- **REQUIRED WORK**: The data below should be retyped exactly, with the pictures left out.

- **DATA EXCERPT**:
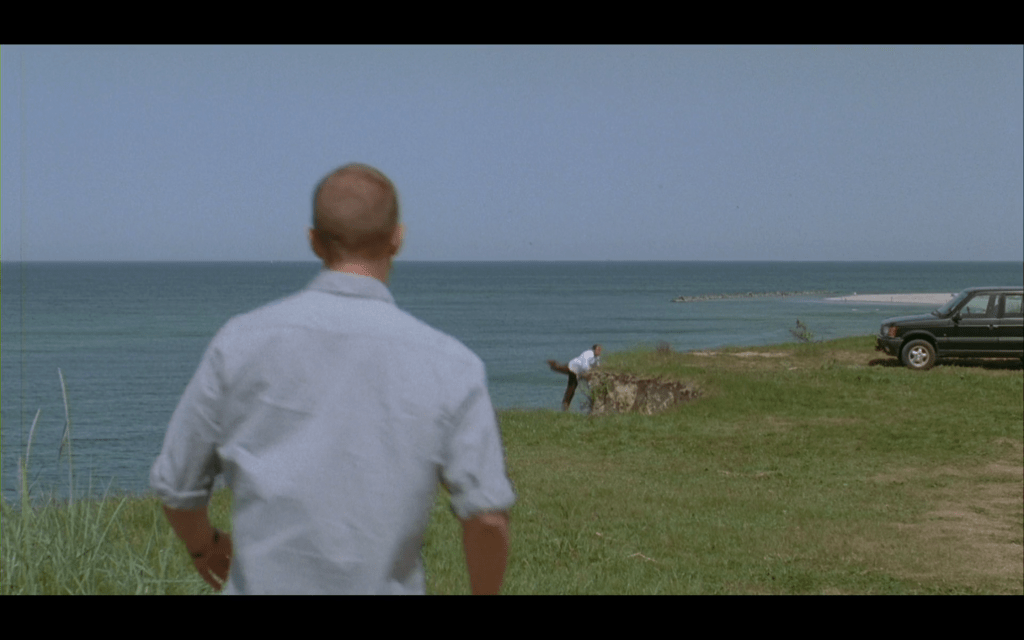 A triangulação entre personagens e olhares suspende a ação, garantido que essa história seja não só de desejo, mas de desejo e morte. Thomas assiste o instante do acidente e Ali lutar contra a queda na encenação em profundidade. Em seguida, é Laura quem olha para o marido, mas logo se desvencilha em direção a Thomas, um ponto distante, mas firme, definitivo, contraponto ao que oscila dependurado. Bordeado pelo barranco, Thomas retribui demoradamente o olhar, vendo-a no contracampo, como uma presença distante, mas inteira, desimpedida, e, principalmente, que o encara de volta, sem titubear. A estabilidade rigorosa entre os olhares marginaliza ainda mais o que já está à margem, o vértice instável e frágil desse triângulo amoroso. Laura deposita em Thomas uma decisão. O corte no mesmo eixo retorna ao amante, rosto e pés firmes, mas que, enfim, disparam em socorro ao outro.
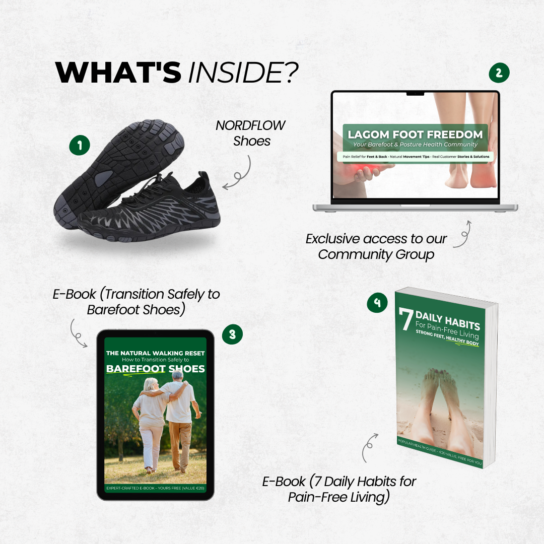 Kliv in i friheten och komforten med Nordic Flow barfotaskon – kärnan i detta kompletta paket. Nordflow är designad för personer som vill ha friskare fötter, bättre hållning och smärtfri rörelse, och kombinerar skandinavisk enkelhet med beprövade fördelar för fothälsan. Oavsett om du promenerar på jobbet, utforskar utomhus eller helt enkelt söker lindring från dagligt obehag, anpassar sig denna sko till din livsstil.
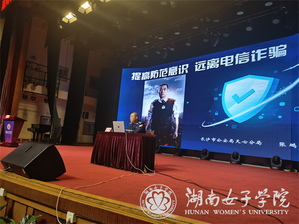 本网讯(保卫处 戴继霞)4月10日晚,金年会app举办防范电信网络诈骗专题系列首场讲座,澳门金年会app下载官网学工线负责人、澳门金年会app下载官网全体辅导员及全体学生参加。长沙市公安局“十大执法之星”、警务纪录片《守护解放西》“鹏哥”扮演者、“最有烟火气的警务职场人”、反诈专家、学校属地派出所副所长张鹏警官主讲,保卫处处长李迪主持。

- **OUTPUT**:
 A triangulação entre personagens e olhares suspende a ação, garantido que essa história seja não só de desejo, mas de desejo e morte. Thomas assiste o instante do acidente e Ali lutar contra a queda na encenação em profundidade. Em seguida, é Laura quem olha para o marido, mas logo se desvencilha em direção a Thomas, um ponto distante, mas firme, definitivo, contraponto ao que oscila dependurado. Bordeado pelo barranco, Thomas retribui demoradamente o olhar, vendo-a no contracampo, como uma presença distante, mas inteira, desimpedida, e, principalmente, que o encara de volta, sem titubear. A estabilidade rigorosa entre os olhares marginaliza ainda mais o que já está à margem, o vértice instável e frágil desse triângulo amoroso. Laura deposita em Thomas uma decisão. O corte no mesmo eixo retorna ao amante, rosto e pés firmes, mas que, enfim, disparam em socorro ao outro.
 Kliv in i friheten och komforten med Nordic Flow barfotaskon – kärnan i detta kompletta paket. Nordflow är designad för personer som vill ha friskare fötter, bättre hållning och smärtfri rörelse, och kombinerar skandinavisk enkelhet med beprövade fördelar för fothälsan. Oavsett om du promenerar på jobbet, utforskar utomhus eller helt enkelt söker lindring från dagligt obehag, anpassar sig denna sko till din livsstil.
 本网讯(保卫处 戴继霞)4月10日晚,金年会app举办防范电信网络诈骗专题系列首场讲座,澳门金年会app下载官网学工线负责人、澳门金年会app下载官网全体辅导员及全体学生参加。长沙市公安局“十大执法之星”、警务纪录片《守护解放西》“鹏哥”扮演者、“最有烟火气的警务职场人”、反诈专家、学校属地派出所副所长张鹏警官主讲,保卫处处长李迪主持。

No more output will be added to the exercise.